Prep 10 mins
Cook 45 mins
Both kids and adults love this dish! In summer, serve with buttery biscuits or cornbread and vegetables, in winter with gingerbread.
- 1 chicken, in pieces or 4 boneless skinless chicken breasts
- 1⁄2 cup flour
- 2 tablespoons powdered ginger
- 1⁄2 teaspoon salt
- 1⁄4 teaspoon pepper
- 2 tablespoons butter, melted
- 1 tablespoon vegetable oil
- 3 tablespoons sherry wine
- 1 can peach halves in syrup
- 1 green onion, chopped
- Preheat oven to 350 degrees.
- Rinse off the chicken pieces under running water, and pat dry with paper towels.

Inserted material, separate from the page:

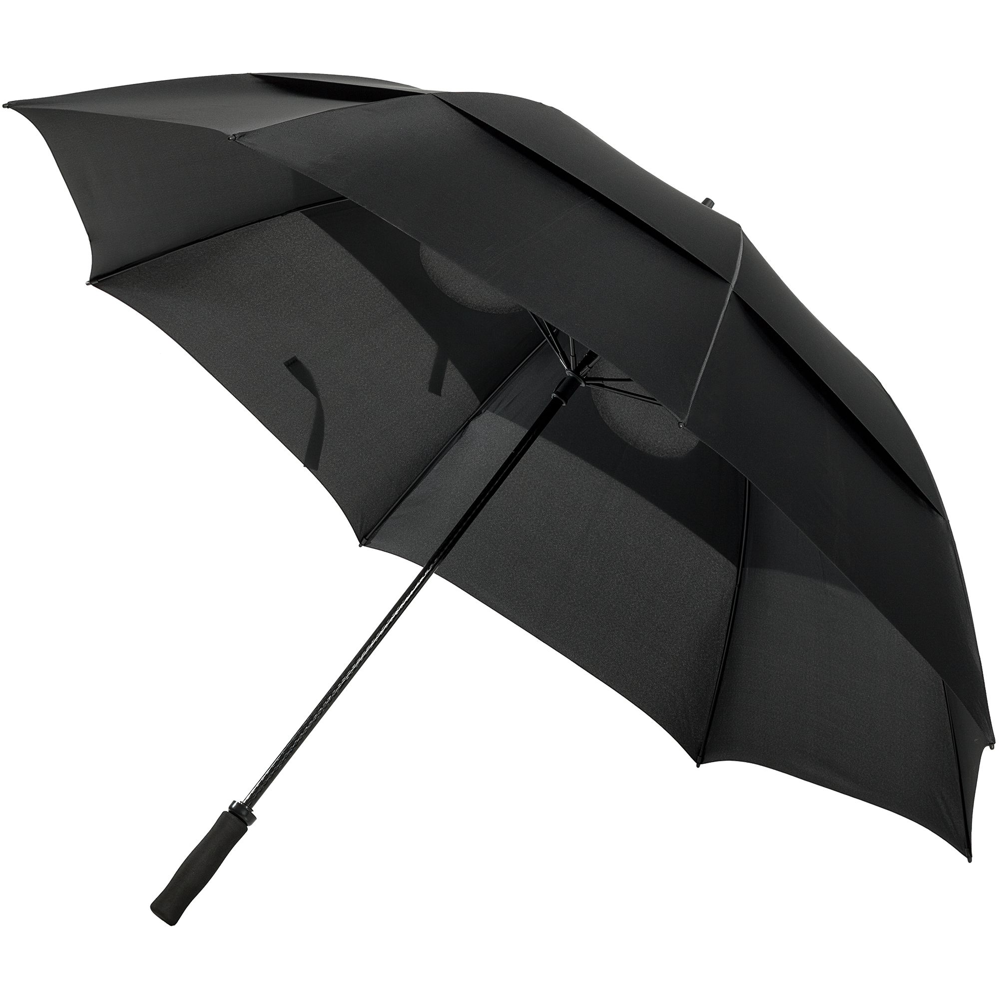 Зонт-трость oldcourse, черный. Размеры длина 110 см, диаметр купола 148 см Материал купол - эпонж, 210Т; каркас - стеклопластик; наконечники, топ - прорезиненный пластик; ручка - ЭВА Вес (1 шт.) 688 г Транспортная упаковка 113,0x16,5x29,0 см Вес 16,50 кг Объем упаковки 0,054 м? Количество в упаковке 24 шт. Виды нанесения D-Шелкография (2 цвета) F1-Флекс (1 цвет) По-настоящему большой зонт. Модель с двойным куполом и прочной конструкцией, которая способна выдержать проливные дожди и ураганные порывы ветра, особенно популярна среди гольфистов: под таким зонтом можно надежно укрыться от непогоды вместе со снаряжением и продолжать игру. Механический зонт, 8 спиц. Оснащен гибкими спицами с системой защиты от ветра.

- In a large Ziploc bag combine the flour, salt, pepper, and powdered ginger.
- Add 2 pieces of chicken or chicken breasts to the bag and shake to cover with flour mixture; remove pieces and repeat with remaining chicken until all pieces are dusted with flour mixture.

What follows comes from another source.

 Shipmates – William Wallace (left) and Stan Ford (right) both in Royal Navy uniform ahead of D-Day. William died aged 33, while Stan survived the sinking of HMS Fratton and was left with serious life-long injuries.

- Put melted butter and oil in a large baking dish, turning dish to coat the bottom surface.
- Places chicken pieces or breasts in a single layer in the baking dish; sprinkle with sherry.
- Bake covered at 350 degrees for 20 minutes; uncover and turn the chicken.

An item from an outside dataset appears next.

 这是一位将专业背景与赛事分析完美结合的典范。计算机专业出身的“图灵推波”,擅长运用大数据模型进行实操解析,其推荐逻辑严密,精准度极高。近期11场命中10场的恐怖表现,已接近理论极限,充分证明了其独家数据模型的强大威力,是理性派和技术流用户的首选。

- Leave uncovered and bake another 10 minutes, then place the peach halves on the chicken, sprinkle with chopped green onion, and return the dish to the oven.
- Continue baking uncovered until the chicken is done and the peaches are hot, about 10 to 15 minutes.
Very easy dish to prepare. However, it was lacking in taste. May I suggest reserving the peach juice/syrup, adding some soy sauce. Heat this on the stove and add the peaches (chopped). When the recipe calls for the peaches to be added to the chicken, pour the "sauce" you have created over the chicken and finish baking. Place the chicken and peaches over cooked rice.